4 minute read
Booklover — Not a Greek Tragedy
Column Editor: Donna Jacobs (Retired, Medical University of South Carolina, Charleston, SC 29425) <donna.jacobs55@gmail.com>
Summer has always come with a reading list. This summer is no exception and includes a variety of titles: The Code Breaker by Walter Isaacson (a must read for a retired research scientist); Tiny Histories-Trivial events and Trifling decisions that changed British History by Dixe Wills (a Christmas present with an intriguing subtitle); The Boy, the Mole, the Fox and the Horse by Charlie Mackesy (an illustrated joy): Maryville, The Audacity of a People by Diane Hamilton (Diane is a “History Buddy” of mine and she has written about this African American town that was established after the Civil War in Charleston); a more perfect Union by Teri Ellen Cross Davis (a poet who brings her African American experience forward for us to bear witness).
Insert a deadline for the Booklover column and the choices now include The Collected Poems of Odysseus Elytis.
For over ten years and more than 70 laureates, the “bucket list” goal to read one piece of work from every writer who has been awarded the Nobel Prize in Literature continues to challenge. I find that I’m down to the “hard-to-find” category or poets. It is remarkable how many laureates are poets. I should make a count one day. But for now, the list is in hand to search the Charleston County Library’s offering online and I reserve two books, both from poets: The Collected Poems of Odysseus Elytis, translated by Jeffrey Carson and Nikos Sarris, and Omeros by Derek Walcott. This Booklover column focuses on two works from The Collected Poems of Odysseus Elytis: The Axion Esti, “one of 20th-century literature’s most concentrated and richly faceted poems,” according to the Swedish Academy; and Blissful Donna, because… how could I resist the title? Odysseus Elytis was born in Heraklion on the Island of Crete in November of 1911.
Interesting — as in my mind, poetry originated in Greece. I guess because I learned about Homer and the epic poems of the
“Iliad” and the “Odyssey” early in my education. And, according to the Merriam Webster website, the word poet comes from a
Greek word meaning “to make.” Being more of a science geek, poetry didn’t initially resonate with me. It did intrigue me, however. Thus, I’ve been a student of poetry and the spoken word since high school. Odysseus Elytis was recognized in 1979 by the Nobel Committee “for his poetry, which, against the background of Greek tradition, depicts with sensuous strength and intellectual clear-sightedness modern man’s struggle for freedom and creativeness.” In his reaction to the award, Elytis nodded to Homer and the influence of the Greek heritage on poetry: “The Swedish
Academy’s decision was not only an honor for me but for Greece and its history through the ages. I believe that it was a decision to bring international attention to the most ancient tradition in Europe, since from Homer’s time to the present there has not been a single century during which poetry has not been written in the Greek language.”

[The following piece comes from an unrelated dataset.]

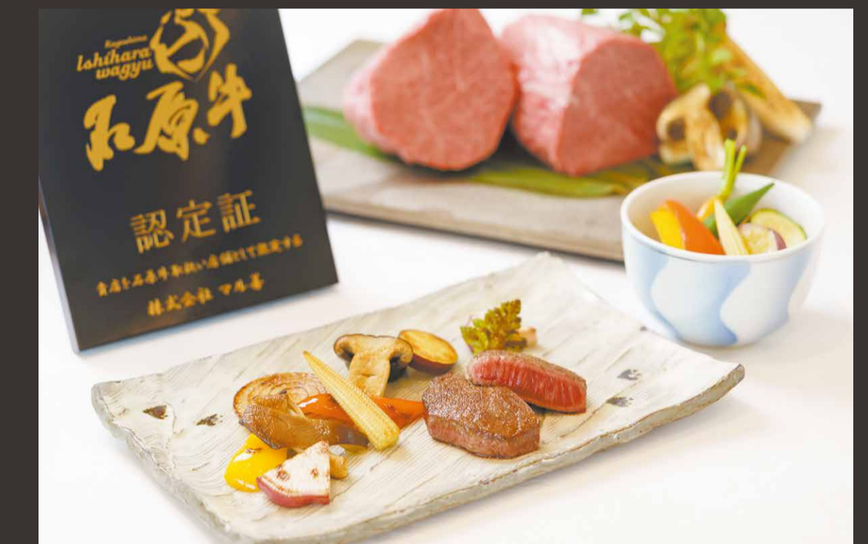
石原牛(ウチモモ/ランプ/イチボ等)鉄板焼き~シェフデモンストレーション~ 季節の野菜鉄板蒸し焼き添え 又は 季節野菜のソテー

buffetボードより好みのメニューとデザートをお選び下さい。 Please Choose Your Favorite Appetizer & Dessert from The Buffet Board Main Dish of Your Choice

The “Introduction” to The Collected Poems of Odysseus Elytis is written by one of the translators, Jeffrey Carson. It gives the reader a window into not only the skill of this translator but also Carson’s own beauty at word craft: “Biography tells little about Elytis. When in Athens, he usually woke up late, met with friends in various confectionary shops in the afternoon, wrote for much of the night. Summers he spent on Lesbos or other islands. For half a century he lived in the same small apartment in Athens, where an adequate family legacy enabled him to devote his time to writing. But his words reveal that his inner adventures were tumultuous, almost too vivid, and that poetry provided a way to order them. The poet chants his good news and then radically converts himself through his intensities of meter, diction, metaphor, structure. These make up the poet’s true biography, and they are almost unbearably intimate.” With only the imagination of how Elytis’ poetry sounds in his native language, I leave you with the sensuousness of the translated versions — a very small stanza from The Axion Esti and the entirety of Blissful Donna. Once again, major props to the translators.
The Axion Esti — What is good? What is evil? — A point A point and on it you balance and exist and beyond it trepidation and darkness and behind it the grinding teeth of angels — A point A point and on it you can infinitely proceed or else nothing else exists anymore
Blissful Donna Take some pollen from consolation’s sparkle A place that flashes into the infinite Higher even than your highest hope Blissful Donna! And from the world of lightbeams’ edge Roll the waves with dissolved emerald For the zephyr of the music of the south
Waves for the zephyr of the music that takes Night’s virginity far away With journeys to boundless caves With girls who love the embraces of lilies And melodize the depth of sky And long for empty aether’s chill wind
Take a place that flashes into the infinite A blue pupil of an unaccounted eye With stamens of wish at your level Blissful Donna! And from a consubstantial heart Go and see the depth of years Strewn with pebbles of quiet seas.